[Supplied data]
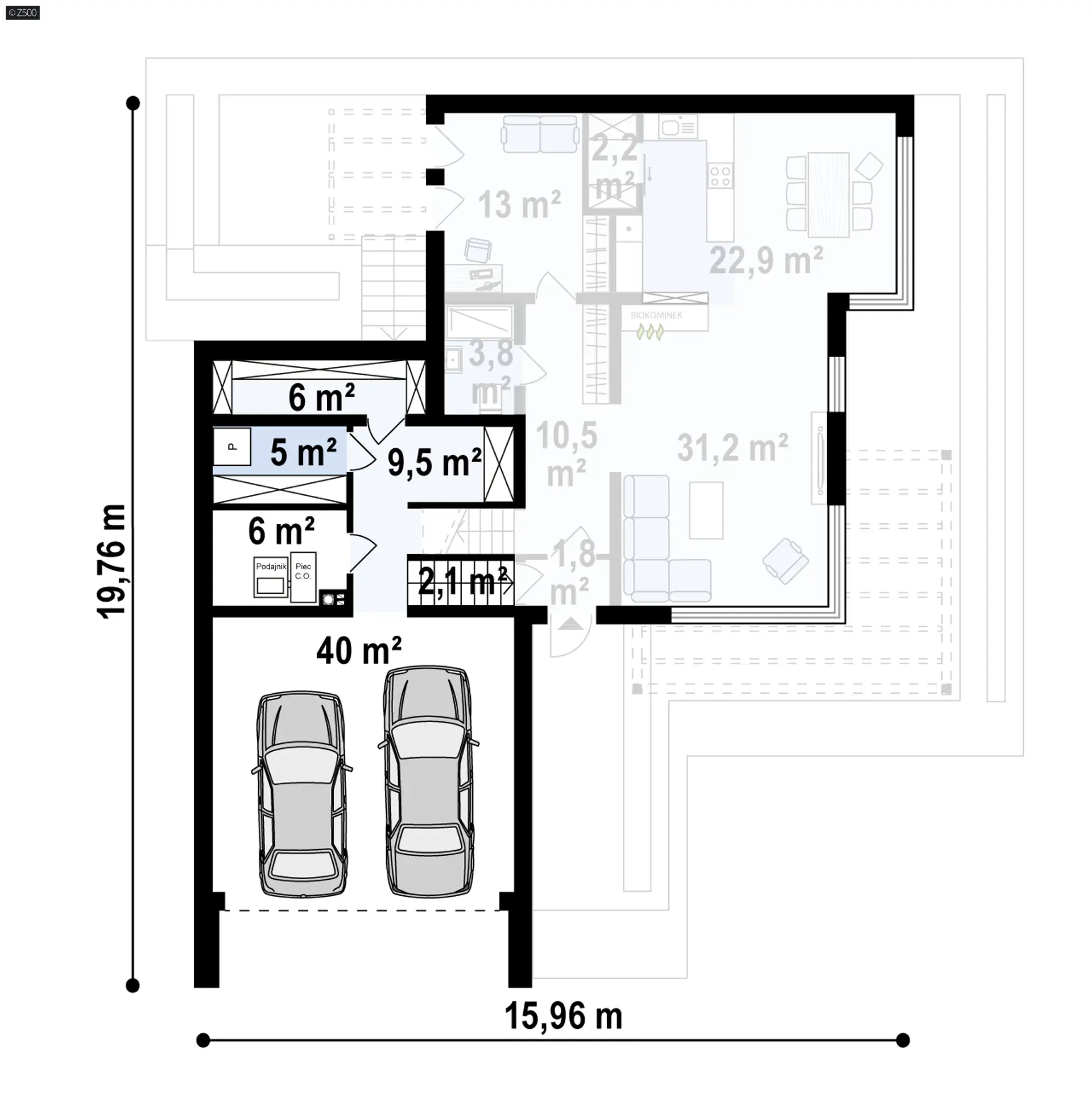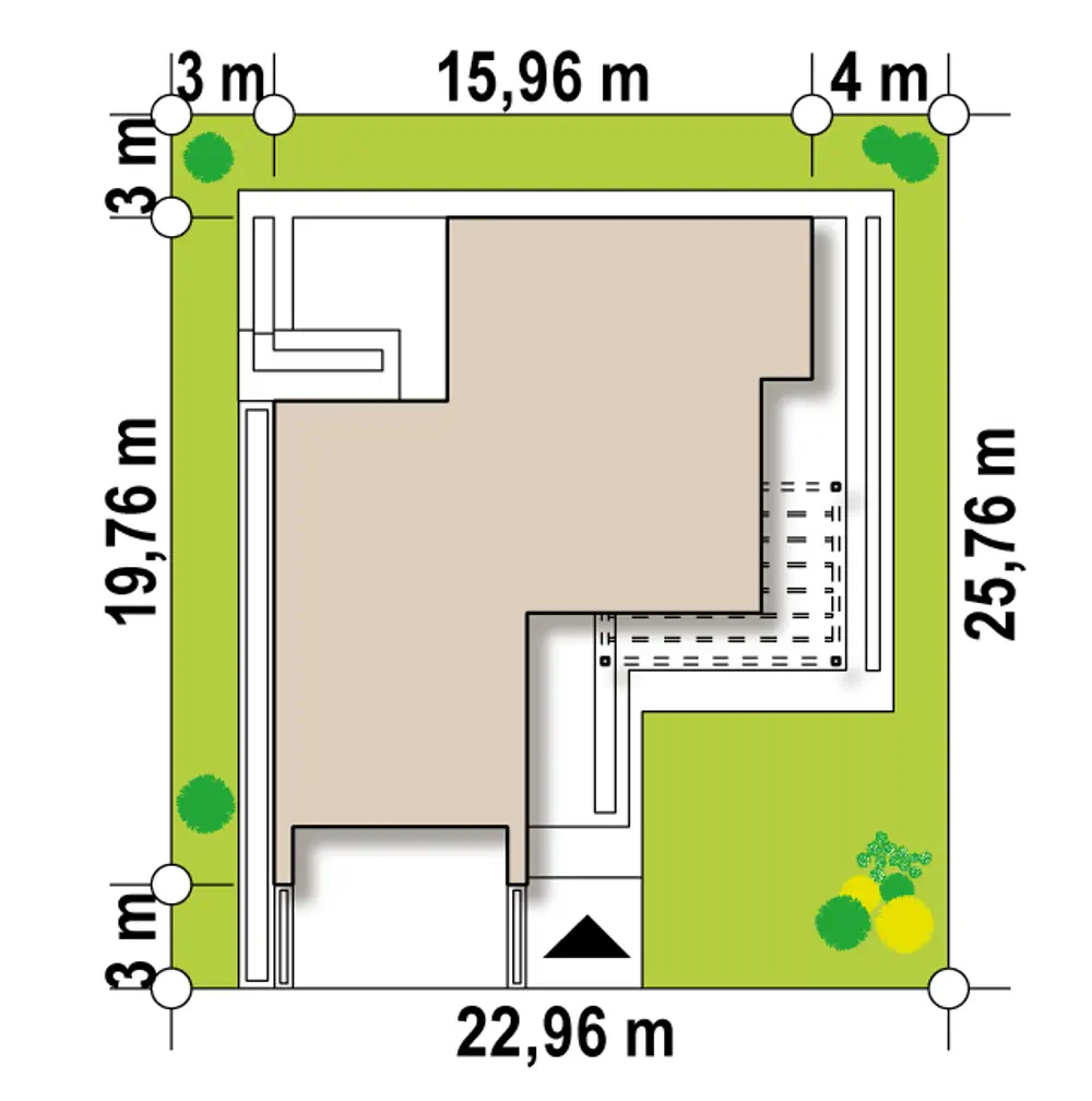 Unikalność w przedstawionym Państwu projekcie stanowi jego dedykacja. Proponowany jest osobom, które pragną nie budować budynku w przedniej części działki, blisko ulicy, lecz cofnąć dom w głąb działki, pozostawiając swobodną przestrzeń od strony frontu, nie zaś od strony ogrodu.
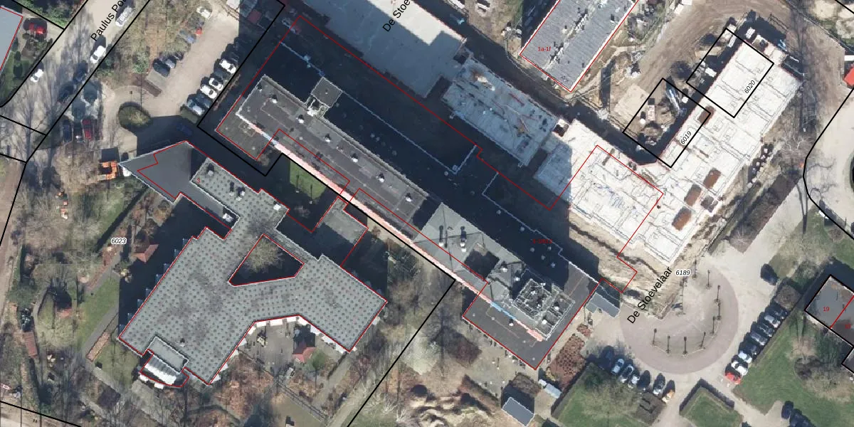 Het perceel waarop De Stoevelaar 1-406 staat heeft een oppervlakte van 2,9 ha. Dit is een zeer groot perceel. De perceeloppervlakte wordt geregistreerd door het Kadaster. Gedetailleerde informatie over de maten van dit perceel kunt u vinden in het rapport Kadastrale kaart met maatvoering van De Stoevelaar 1-406.
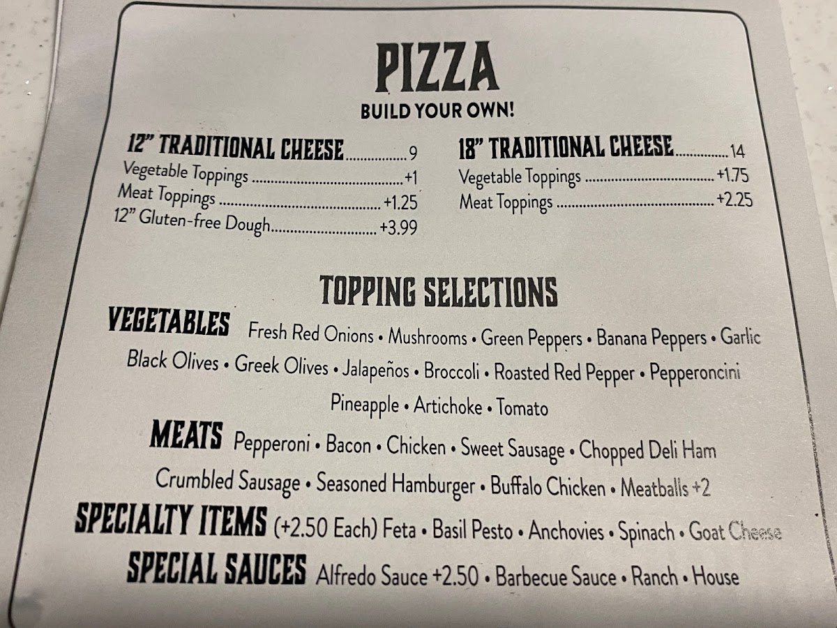 Classic pizza sauce, mozzarella cheese, pepperoni, hamburger, bacon, sausage, ham, red onion, green pepper, black olive, and mushroom
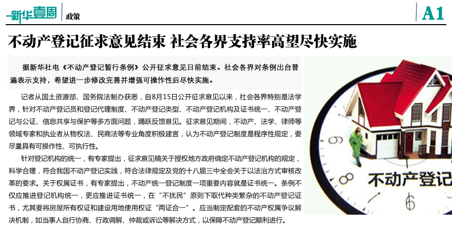 不動產登記征求意見結束
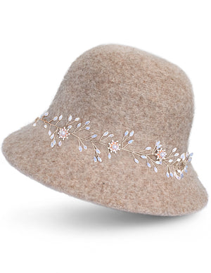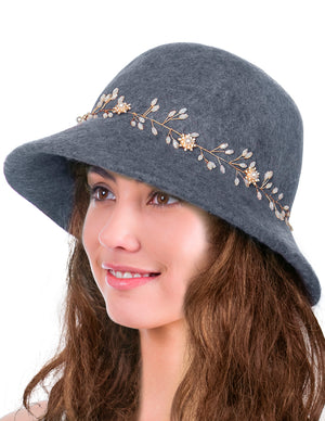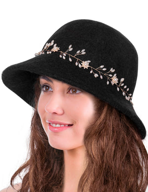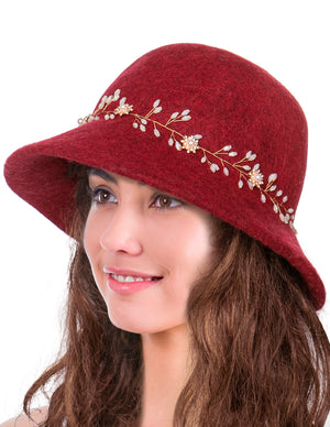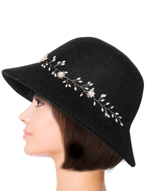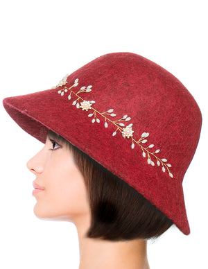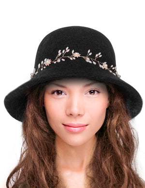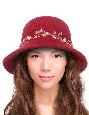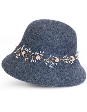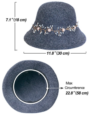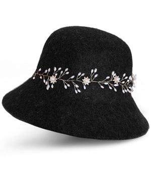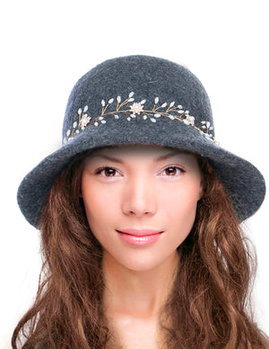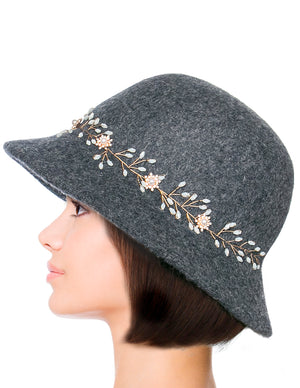 Wool Blend Hand Beaded Winter Bucket Hat / Cloche Hat

[To do] In the copy, only the lines from the one holding "不動產登記征求意見結束" through the end of the listing above should appear, retyped exactly, both ends included, with no pictures.

[Response area]
 不動產登記征求意見結束
 Wool Blend Hand Beaded Winter Bucket Hat / Cloche Hat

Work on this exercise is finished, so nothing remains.